[Collected data]
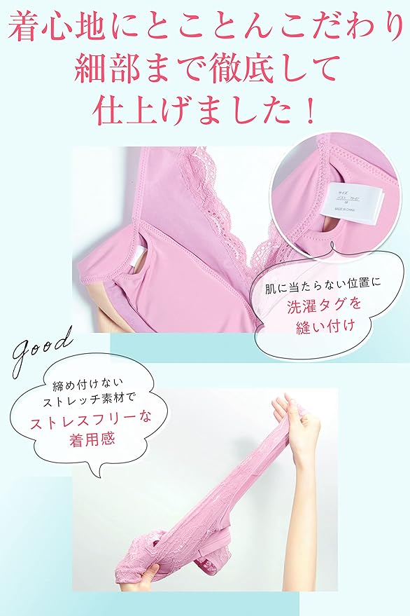 | 素材 | 身生地:ポリエステル100% レース:ナイロン90%/ポリウレタン10% 裏部分:レーヨン95%/ポリウレタン5% |
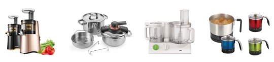 PN풍년의 압력솥 '베르투원', 브라운 '멀티 푸드 프로세서', 신일산업 '라면포트'.(왼쪽 두번째부터)
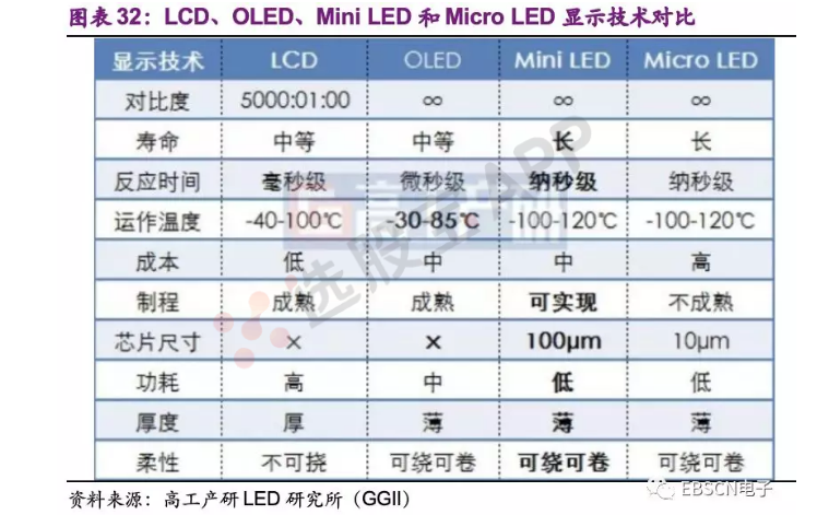 (1)Micro LED功耗比OLED也要低50%。对于智能手机等续航时间要求高的电子产品,这个优势非常有价值。
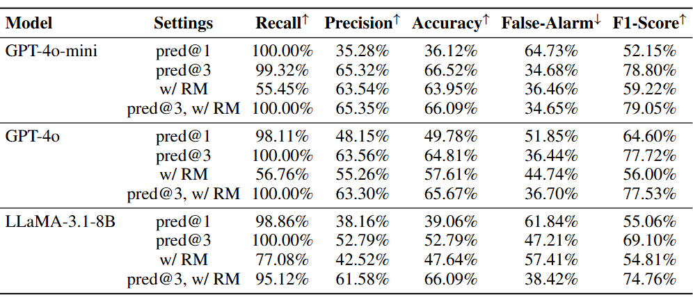 对于开源模型,经过数据集训练的模型明显更优,这证实了研究数据合成流水线的有效性。同时,经过训练的模型也在误报率上有了明显的下降,尽管提供不必要的帮助的情况仍然存在。
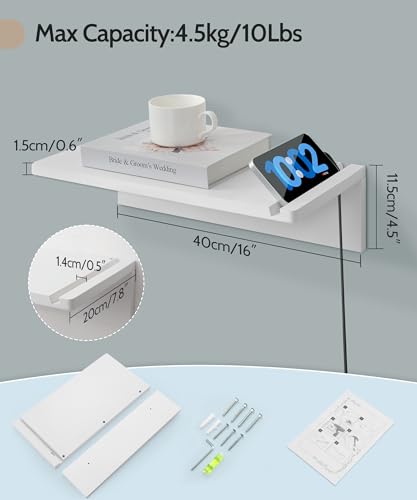 - 【Unique Storage Solutions】With its unique design, this 16-inch floating nightstand combines modern convenience with practicality. The grooved slot is perfect for easily accessing your phone, eliminating bedside clutter. The holes underneath neatly organize charging cables, keeping your bedside tidy and enhancing both functionality and aesthetics
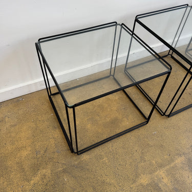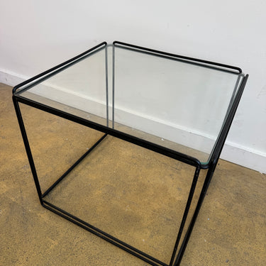 The Max Sauze 'Isosceles' end table features a glass top and a distinctive graphic line art design, crafted by Atrow. While the glass top may not be original, the frame remains in good condition with minor surface marks. The glass surfaces show some scratches, reflecting typical wear.
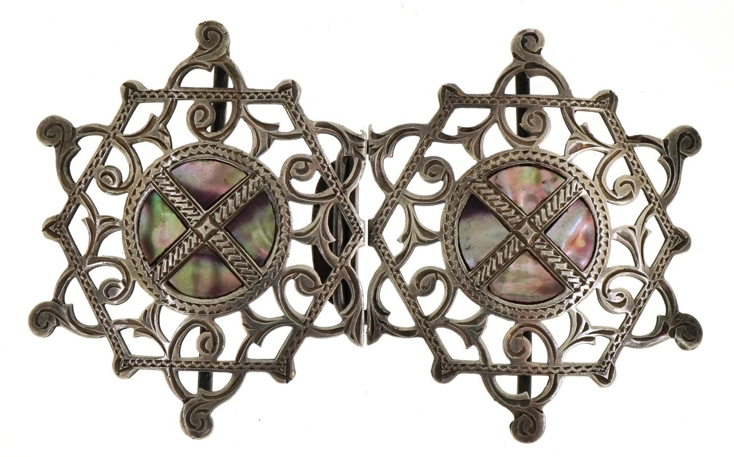 Here we have a hallmarked silver and abalone two-piece buckle, Henry Williamson Ltd, George V - Birmingham 1911
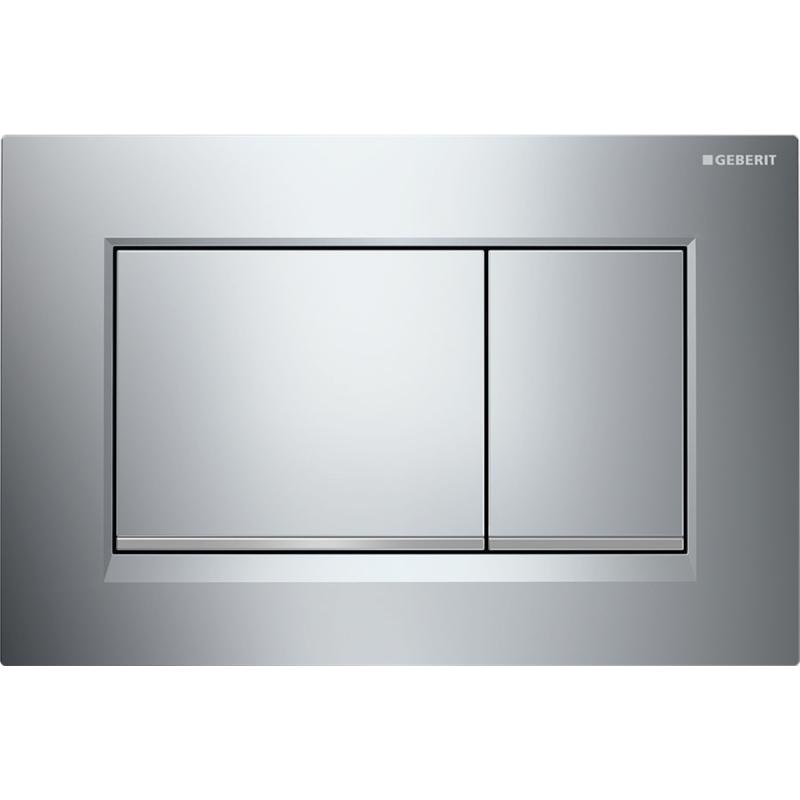 Sigma30 betjeningsplate for aktivering av skyll med Sigma innbyggingssisterner. Sigma30 er med dobbel skyllefunksjon, i blankforkrommet plast med matt forkrommet designstriper. Finnes i flere elegante farger. Monteres enkelt i front. Betjeningsplaten setter ikke bare prikken over i-en på badet ditt, den kan også tilby ulike funksjoner som luktavsug, innsats for DuoFresh duftpinner, samt flere skyllefunksjoner for å tilpasse vannforbruket etter behov. Oppgrader badet ditt med Geberit Sigma betjeningsplater og la funksjonalitet møte eleganse på en intelligent måte.
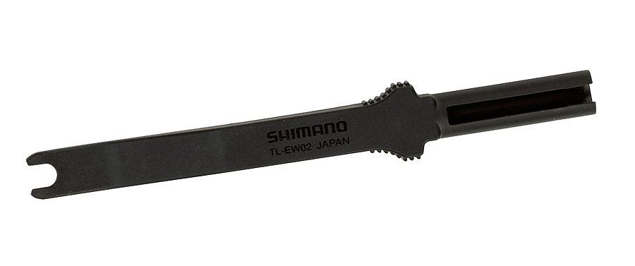シマノ純正のケーブル着脱専用工具で、左側が抜く専用、右側が差し込み専用。携帯工具などといっしょに携行すると、万一のときに安心。
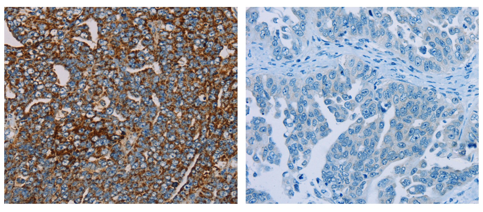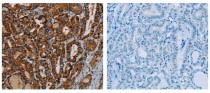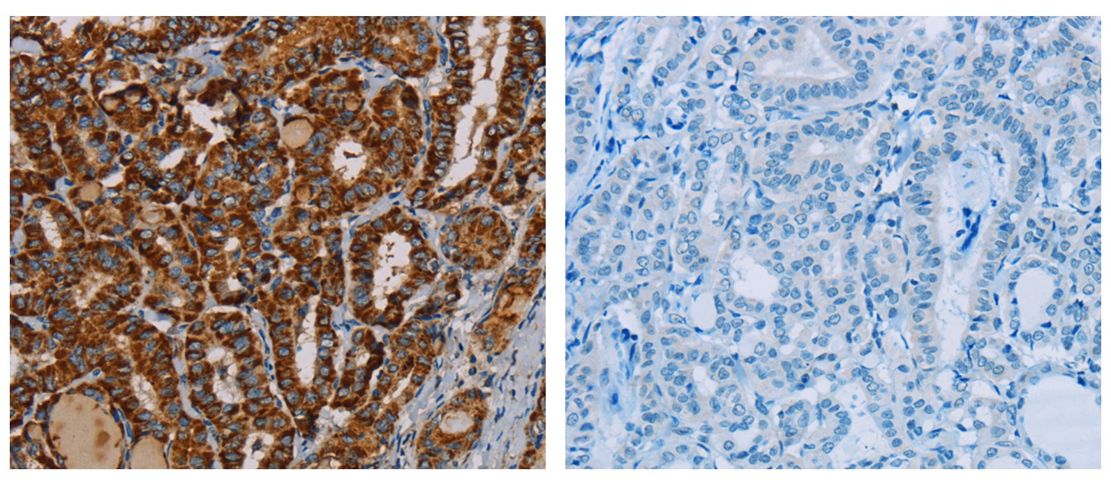 Immunohistochemistry: Paraffin-embedded Human thyroid cancer tissue stained with ARG65584 anti-MRPL12 antibody (left) at 1:25 dilution, or the same antibody preincubated with fusion protein (right). (Original magnification: ×200)
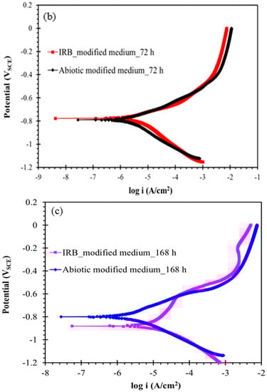 (a,b) Potentiodynamic polarization scans of carbon steel following 72 and 168 h exposure, with and without the IRB, to inorganic Postgate C solution.
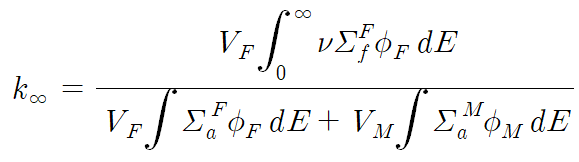 무한증배계수를 식으로 쓰면 다음과 같다. V는 부피, 첨자 F는 fuel, M은 moderator를 의미하며 f와 a는 각각 fission과 absorption의 약자이다. ν는 반응당 생성되는 중성자의 수를 뜻한다. Absorption은 fuel과 moderator 모두에서 일어나지만 fission은 fuel에서만 발생하는 것에 유의할 것.
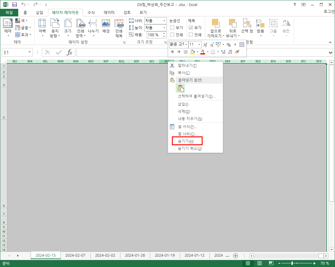엑셀 가로 스크롤 사라짐
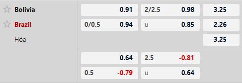 Thông tin tỷ lệ kèo bóng đá Bolivia vs Brazil:
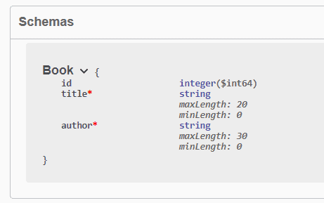 For instance, if we have a Book object passed to our API for creating or updating books, we can annotate the request body to document it:
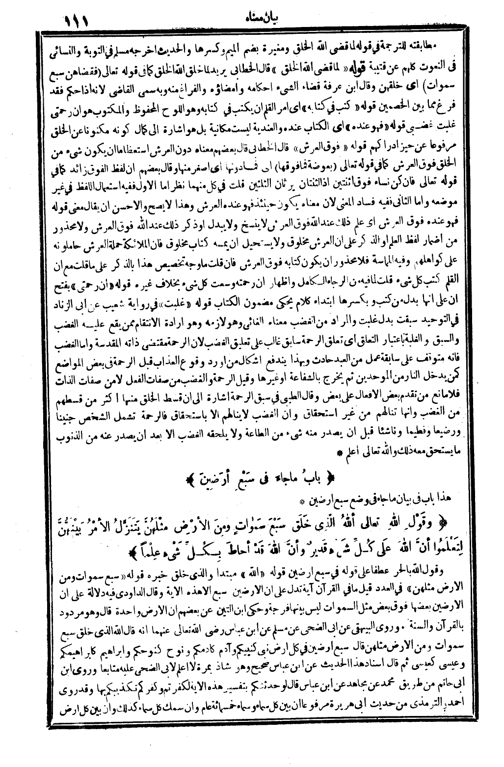 وقَوْلِ الله تعَالى {ألله الَّذِي خلَقَ سَبْعَ سَماواتٍ ومِنَ الأرْضِ مَثْلَهُنَّ يَتَنَزَّلُ الأمْرُ بَيْنَهُنَّ لِتَعْلَمُوا أنَّ الله علَى كُلِّ شَيْءٍ قَدِيرٌ وأنَّ الله قَدْ أحاطَ بِكُلَّ شَيْءٍ عِلْمَاً (الطَّلَاق: 21) .

_TASK GOAL_.
The answer must consist solely of the lines from the line containing "For instance, if" to the end of the data, reproduced exactly, with every picture left out.

_EXERCISE RESULT_.
 For instance, if we have a Book object passed to our API for creating or updating books, we can annotate the request body to document it:
 وقَوْلِ الله تعَالى {ألله الَّذِي خلَقَ سَبْعَ سَماواتٍ ومِنَ الأرْضِ مَثْلَهُنَّ يَتَنَزَّلُ الأمْرُ بَيْنَهُنَّ لِتَعْلَمُوا أنَّ الله علَى كُلِّ شَيْءٍ قَدِيرٌ وأنَّ الله قَدْ أحاطَ بِكُلَّ شَيْءٍ عِلْمَاً (الطَّلَاق: 21) .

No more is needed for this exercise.